Można wszystko sobie zgrabnie ułożyć, być mistrzem organizacji, ale i tak trzeba mieć na uwadze, iż jako rodzice nasze życie bezpowrotnie się zmienia. Już przez cały czas będziemy odpowiedzialni za osoby, które powołaliśmy do życia!
I jasne, można opiekować się dziećmi przy okazji, traktować relacje z nimi mniej poważnie, ale koniec końców, gdy ktoś jest świadomy, wymagający, to nie chce tego robić. Czasami kobieta nie chce dzieci, bo sama pochodzi z trudnej rodziny, ma świadomość własnych złych wzorców, które odziedziczyła i wie, iż może je przekazać kolejnemu pokoleniu. A tego nie chce robić.
Pozostaje kwestia rozsądku – nie mamy dzieci, bo nie mamy odpowiedniej osoby, z którą chcielibyśmy je mieć. Brak kandydata jednoznacznie odrzuca możliwość urodzenia dziecka. Nie każda kobieta ma również w sobie gotowość, żeby iść pod tym względem na jakiekolwiek kompromisy.
Brak dzieci w pewnym wieku może być efektem bardzo wielu czynników i powodów. Próba poznania ich jest delikatnie to ujmując oznaką braku kultury. Nie róbmy tego!
Lub nie może ich mieć
Kobieta po 40 nie ma dzieci często dlatego, iż nie może ich mieć. Tak, to takie proste.
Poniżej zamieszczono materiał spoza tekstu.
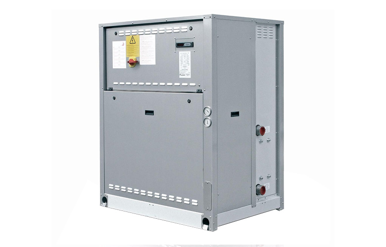 Внутрішній блок Climaveneta NECS-ME 0152-1604 для виробництва охолодженої води, який може бути підключений до віддаленого конденсатору з герметичними ротаційними спіральними компресорами, що працюють з R410A, пластинчастим теплообмінником, звареним пайкою, і терморегулюючим клапаном. Панелі та підставу з гарячеоцинкованої листової сталі, пофарбованої фарбою.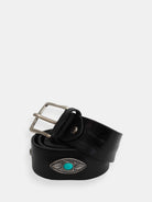 - DETTAGLI: realizzata in pelle, borchie, pietra colore turchese incastonata in un decoro inciso e fibbia in metallo color argento. Altezza: 3 cm. La misura della cintura indica la distanza tra il buco centrale e la fine della cinghia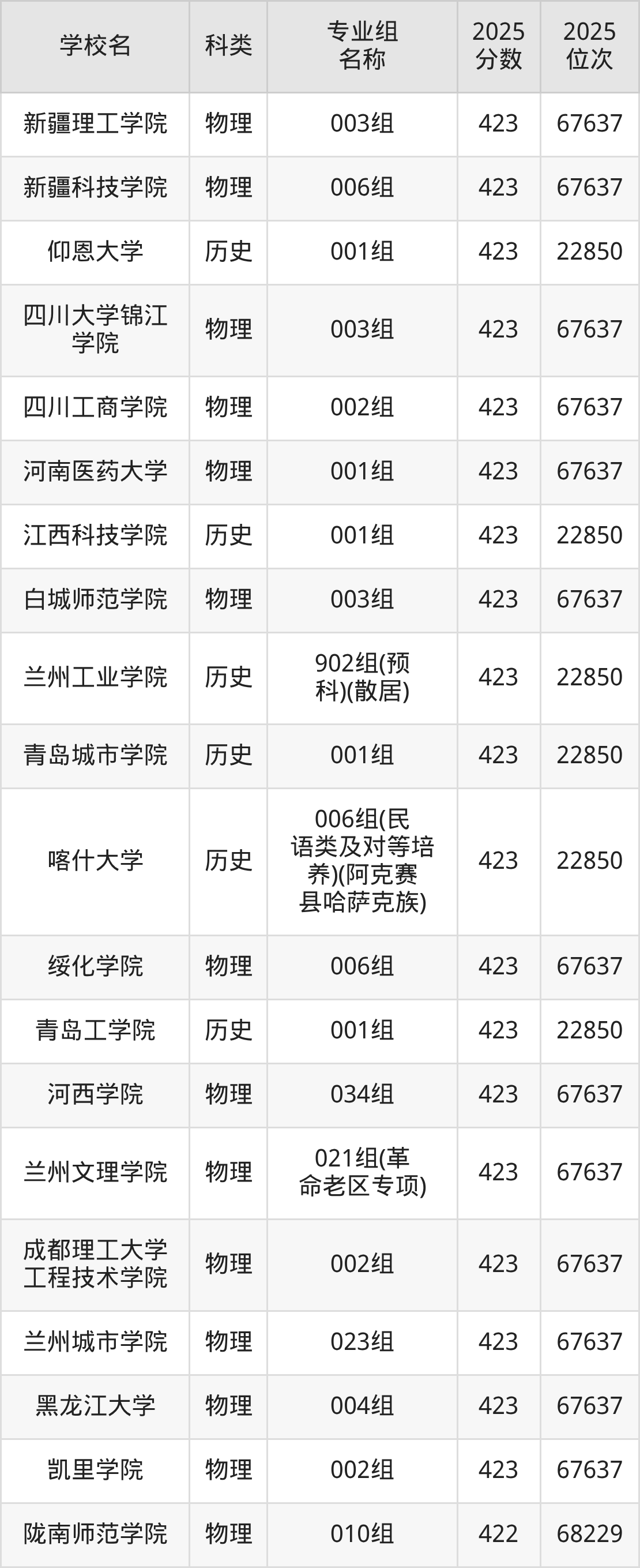 同分数公办本科大学还有喀什大学(位次49276名)、伊犁师范大学(位次49276名)、新疆理工学院(位次49276名)等,适合市排名在4.9万名开外的本科生报考。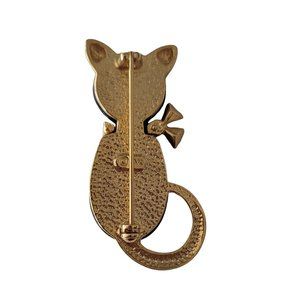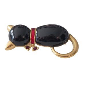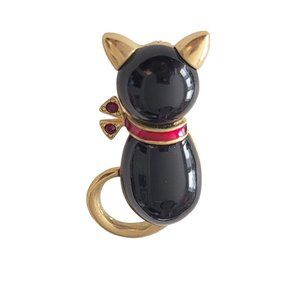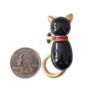 Anne Klein Gold-Tone Black Cat Red Enamel Rhinestone Bow Collar Brooch Pin, E114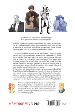 Qui ne connaît pas la bande dessinée belge ? Mais qui connaît le 9e art luxembourgeois ? Petit pays logé entre la Belgique, l'Allemagne et la France, le Grand-Duché de Luxembourg s'est installé dans l'imaginaire pour son rôle dans la politique et l'économie européenne au détriment d'une histoire culturelle pourtant riche et ancienne, notamment côté BD. Bilingue pour le moins, la population luxembourgeoise s'est notamment emparée, au sortir du second conflit mondial, d'une bande dessinée réalisée d'abord dans la langue propre au pays, le luxembourgeois, langue officielle depuis 1984. Ceci explique que les succès des auteurs luxembourgeois (Gab Weis, Roger Leiner et Lucien Czuga) soient passés très largement inaperçus aux yeux du public francophone, en dépit d'un succès local considérable, comparable à celui d'un Astérix en France. la collection Mémoire vive de PLG livre ici son cinquième titre, le Luxembourg succédant à la Suède, à la Pologne, au Chili et à l'Espagne.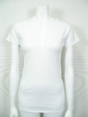 マカフィーのシンプルTシャツ。脇に縫い目がないので着心地が良く、インナーに最適です。深めのVネックです。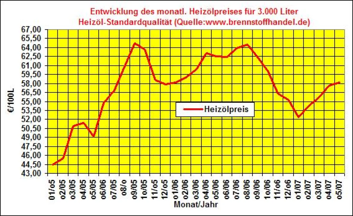Seit Januar 2005 war bisher der September 2005 mit einem Durchschnittspreis von 64,70€/100Liter (absolut:1941,00 Euro) bezogen auf eine Abnahmemenge von 3000 Litern Heizöl-Standardqualität der teuerste Monat für den Heizöleinkauf in Deutschland.

Pomyśl, być może przez wiele lat się starała o dziecko, marzyła o tym, by zajść w ciążę, chodziła od lekarza do lekarza, szukała namiarów na dobrych specjalistów. Być może przeszła niejedną terapię… Bezskutecznie.
I teraz ty zadajesz to pytanie – niedyskretne i pozbawione delikatności. Naprawdę ostatnią rzeczą, jaką chciałaby robić kobieta, która nie może mieć dzieci, jest tłumaczenie się każdemu zainteresowanemu z problemów zdrowotnych.
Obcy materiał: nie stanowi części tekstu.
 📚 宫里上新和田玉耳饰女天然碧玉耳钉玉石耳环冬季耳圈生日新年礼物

Ona być może płacze w poduszkę, być może wspomina dni, kiedy poroniła, może przeżywa żałobę. Wie, iż jej marzenia nigdy się nie spełnią. Jej życie nigdy nie będzie wyglądało tak, jak tego pragnęła.
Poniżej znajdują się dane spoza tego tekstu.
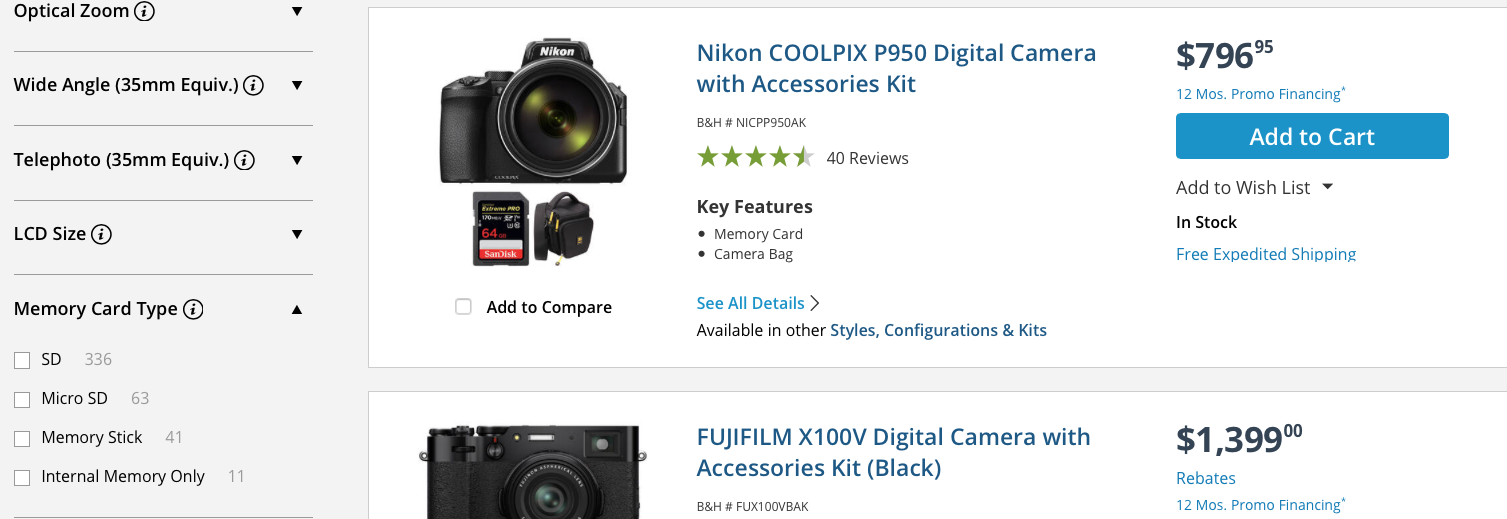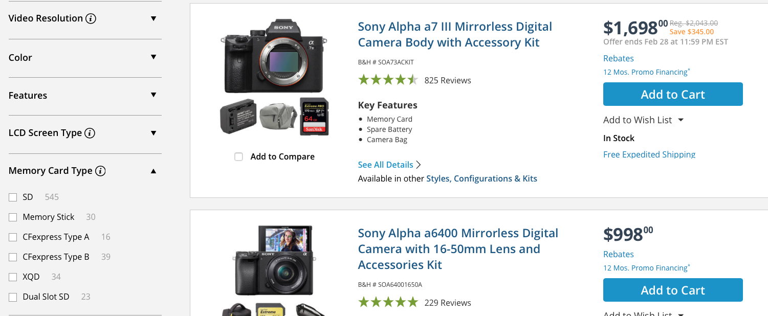 I was wrong, cameras with SD cards make up more than 90% of the market. Here are mirrorless, DSLR and point and shoot cameras being sold by card type straight from B&H. Left hand side of each photo. As Ive said multiple times, SD is the industry standard. Next.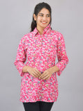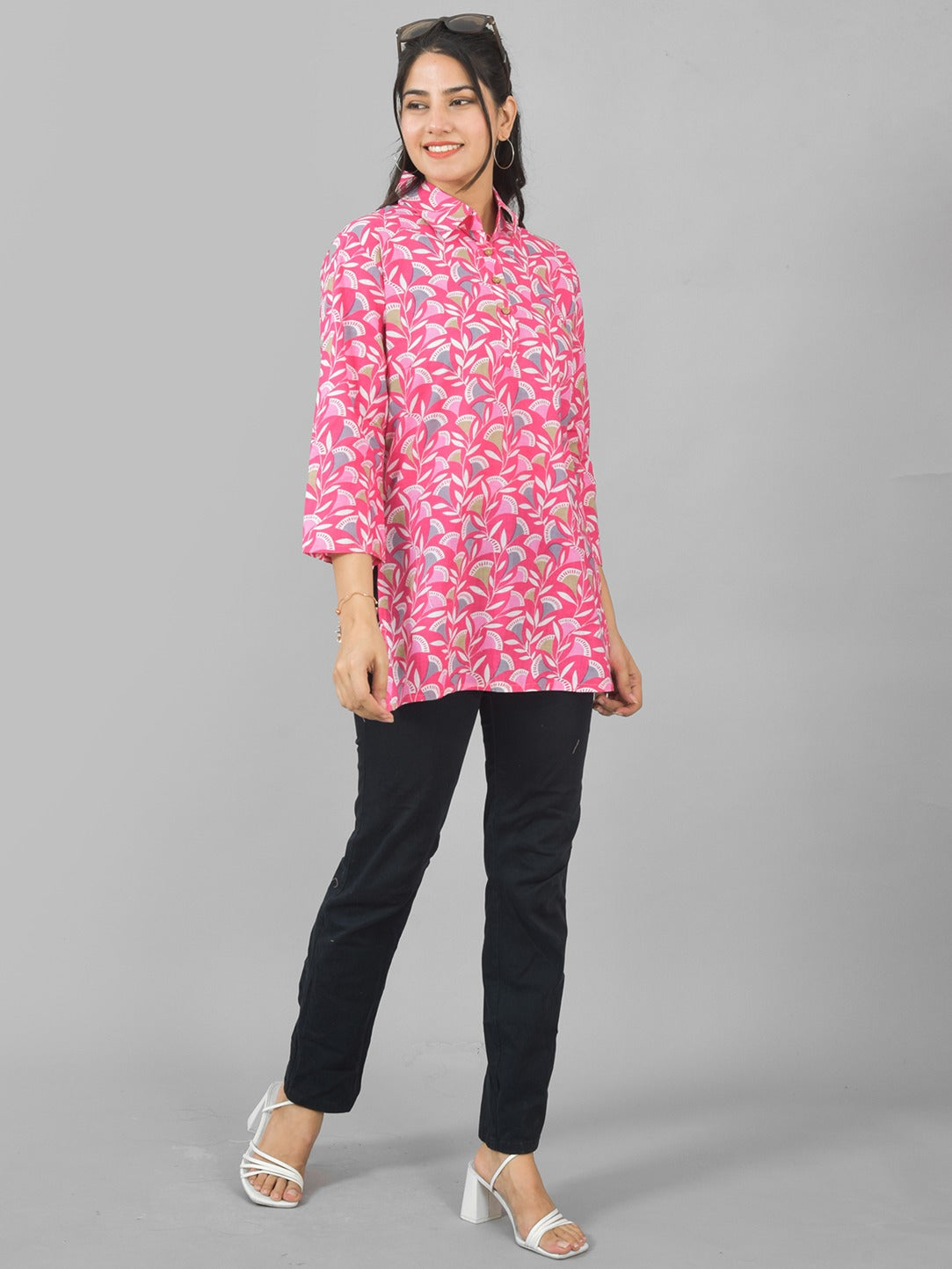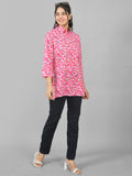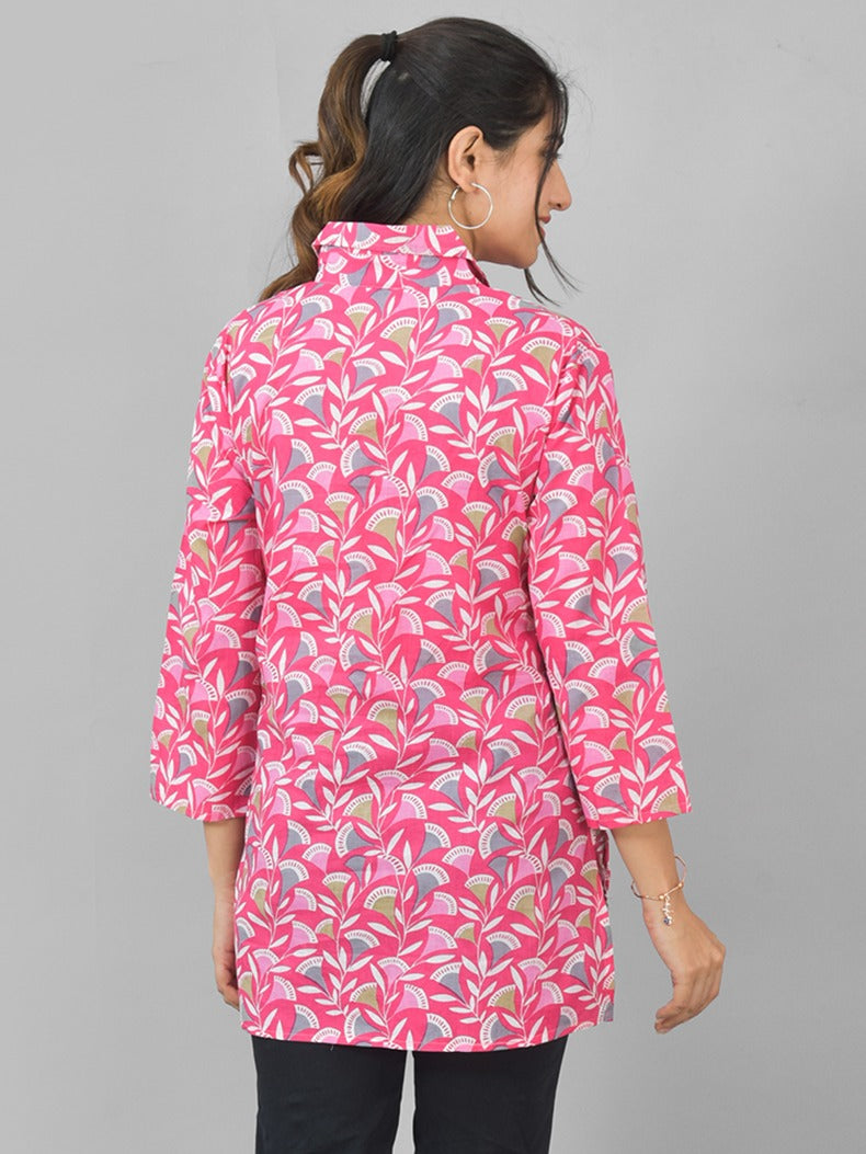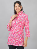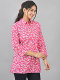 Women Pink Floral Printed Cotton Spread Collar Short Kurti

Wszyscy namawiają ją na dzieci.
Ona potajemnie kupiła ubranka, czasami ogląda te małe buciki, płacze na widok pluszowego misia. Gdy widzi inne kobiety w ciąży, to im szczerze zazdrości. Nie wie, dlaczego los jest taki niesprawiedliwy! Bardzo chciałaby urodzić, a nie jest w stanie tego zrobić. Wątpi w swoją kobiecość i są momenty, kiedy nie chce się jej żyć.
Niedyskretne pytania nie pomagają. Czasami ranią do głębi.
Kiedy wścibscy ludzie to w końcu zrozumieją? To nie ich sprawa, kiedy ktoś urodzi dziecko! Czy zajdzie w ciąże, czy też nie. Ich płomienne mowy, mające na celu namówienie na dzieci są nie na miejscu! Nie przystoi pytać i komentować czyichś tak delikatnych decyzji życiowych! Przecież to jasne. Tylko dlaczego nie dla wszystkich?
Milczenie jest złotem. Również tutaj sprawdza się to powiedzenie.